Low Usage Defensive Specialists. Typically referred to as ‘Three and D’ players, the Low Usage Defensive Specialists are mainly classified by their lack of an offensive game which in turn means their defense is what keeps them in the league. On offense they score the least (13.6 Points per 100 possessions), shoot the worst (42% on Field Goals), and impact the game the least (12.8% Usage) of any cluster. You can find them camping in the corner more than any other cluster, where they shoot only the 5th best percentage (38%). Overall, they perform the worst in every all-encompassing metric examined: Player Efficiency Rating (9.1), Win Shares/48 minutes (0.06), Box Plus-Minus (-2.7), and Value Over Replacement Player (0).

All-Around Forwards. Perhaps the most 'average' archetype is the All-Around Forwards. These players collectively neither finish first nor last in any of the 56 stats! They skew slightly offensive, finishing 5th in Offensive Box Plus-Minus (-1.2) and 6th in Defensive Box-Plus Minus (-0.14).

Prehistoric Bigs. The cluster name isn't a dig at these players' ages, but rather an acknowledgement of their playstyles, which are seemingly being phased out of the modern NBA. The Prehistoric Bigs shoot the least Field Goal Attempts and Three Point Attempts, and are the worst Free Throw (64%) and Three Point (18%) shooters. They are, however, the most efficient shooters (61% True Shooting & 59% Effective Field Goal), and lead the league in dunks (25% of all attempts). They do not create these efficient opportunities themselves, 70% of their made two pointers are assisted. For that reason, their offensive efficiency is maximized when paired with Ball Dominant Superstars or Pass-First Defensive Guards. On defense, they are rim protectors, blocking 4.3% of shots.

Ball Dominant Superstars. This cluster is tied for the most unique (8.25% of all players), yet made up 81.5% of the 2021 All-Star roster. Ball Dominant Superstars are household names, the stars of the past, present, and future.
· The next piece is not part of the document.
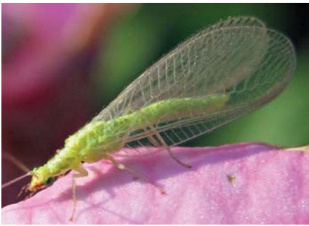
An adult green lacewing, close-up.

Green lacewings (Chrysopidae) – are voracious aphid predators as larvae; only a few species feed as adults. Chrysoperla carnea and other species are available to purchase for release, as well as occurring naturally.

They take and make the most Field Goals and Free Throws, and foul the least. They lead the clusters in Player Efficiency Rating (23.4), Win Share/48 minutes (0.17), Box Plus-Minus (4.9), and Value Over Replacement Player (2.7). While not necessarily ‘Point Guards’ by the traditional definition, the ball is in their hands often because when they have the ball, good things happen.

Discussion

Now that we have clustered all of our players, we shift our focus to finding the most valuable player types. It is apparent that the Ball Dominant Superstars are the most talented, but with an average 2020-21 salary of over $25 million, is the cost worth the value returned in signing a ‘Cluster 8’ player? To attempt to answer this question, player salary data is copied from Basketball Reference. A bit of survivorship bias to note: 18 of our players from the original 400 are removed from the upcoming analysis because their salary information was not included in the Basketball Reference list. These players mainly have two-way contracts, meaning that they bounce around from the NBA and its Development League. Of the 18, five are Low Usage Defensive Specialists, four are All Around Forwards, and four are Pass-First Defensive Guards.
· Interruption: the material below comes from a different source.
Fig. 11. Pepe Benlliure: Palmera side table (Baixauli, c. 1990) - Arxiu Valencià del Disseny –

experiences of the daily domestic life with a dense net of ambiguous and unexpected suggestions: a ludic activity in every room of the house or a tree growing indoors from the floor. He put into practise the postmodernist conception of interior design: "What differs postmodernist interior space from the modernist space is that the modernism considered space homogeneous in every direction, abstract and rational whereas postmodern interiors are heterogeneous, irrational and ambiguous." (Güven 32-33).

Ball-Dominant Superstars make up the majority of cap space, followed by Midrange Scorers who make $14 million on average this season. Last is the Low Usage Defensive Specialists who are earning only $4,722,045 on average. Our salary analysis will look at the return in each of the four all-encompassing statistics included (Player Efficiency Rating, Value Over Replacement Player, Box Plus-Minus, and Win Shares per 48 minutes) per $1 million in salary spent.

By this metric, it appears that Prehistoric Bigs are the most undervalued for their Player Efficiency Rating. Every $1 million spent on Prehistoric Bigs brings about 2.9 points of Player Efficiency. Despite being the best players, Ball Dominant Superstars appear here to be the most overvalued, returning over three times less than the Prehistoric Bigs per dollar spent.
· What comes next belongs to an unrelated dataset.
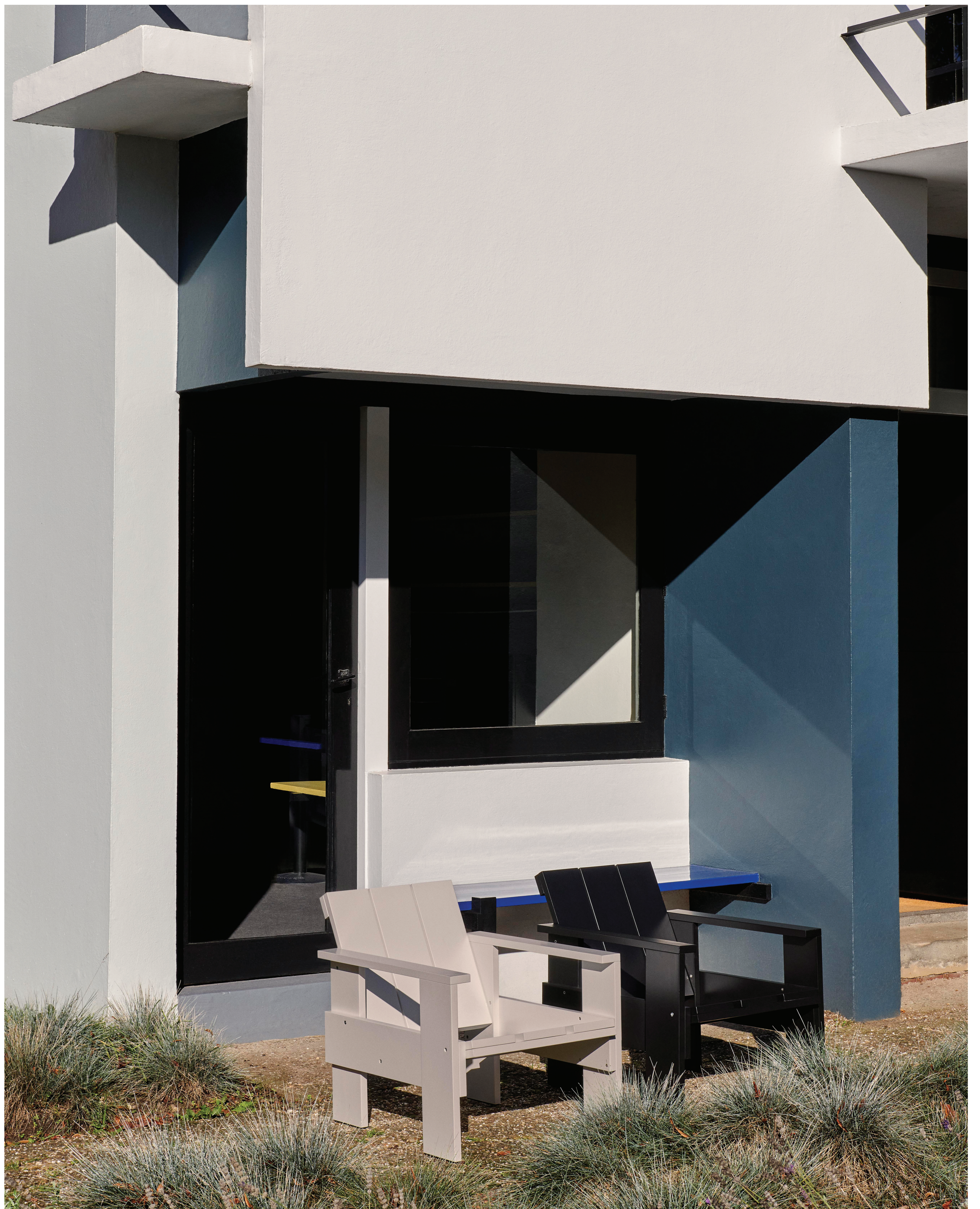
Crate Lounge Chairs in Schröder House by Gerrit Rietveld, Utrecht, Netherlands, 2022

Here we see that Ball Dominant Superstars and Rebounding Bigs bring by far the most value in the Value Over Replacement Player metric. This is an example of why it is useful to look at more than one statistic, even if it is ‘all-encompassing.’

Again, Ball Dominant Superstars and Rebounding Bigs bring the best value, this time for Box Plus-Minus. In fact, these are the only two archetypes with a positive BPM. Low Usage Defensive Specialists are extremely overvalued here, despite having the lowest salaries of the clusters.

The Prehistoric Bigs and Rebounding Bigs reign supreme in Win Shares per $1 million spent. The Ball Dominant Superstars finish near the bottom in Win Shares value. Overall, the Rebounding Bigs finished 2nd in each category suggesting a market inefficiency for these valuable players.

Equally weighting each of the four metrics, many of the clusters appear to be valued in accordance to their production. This is not the case for both the Rebounding Bigs and the Prehistoric Bigs who are being significantly underpaid. By our analysis, Rebounding Bigs are much more valuable than their $8,873,321 average salary which ranked 4th out of the eight clusters. Some talented Rebounding Bigs making less than their average salary include Michael Porter Jr., John Collins, Enes Kanter, and James Wiseman. Teams would benefit from targeting this archetype in both free agency and the draft to maximize their talent.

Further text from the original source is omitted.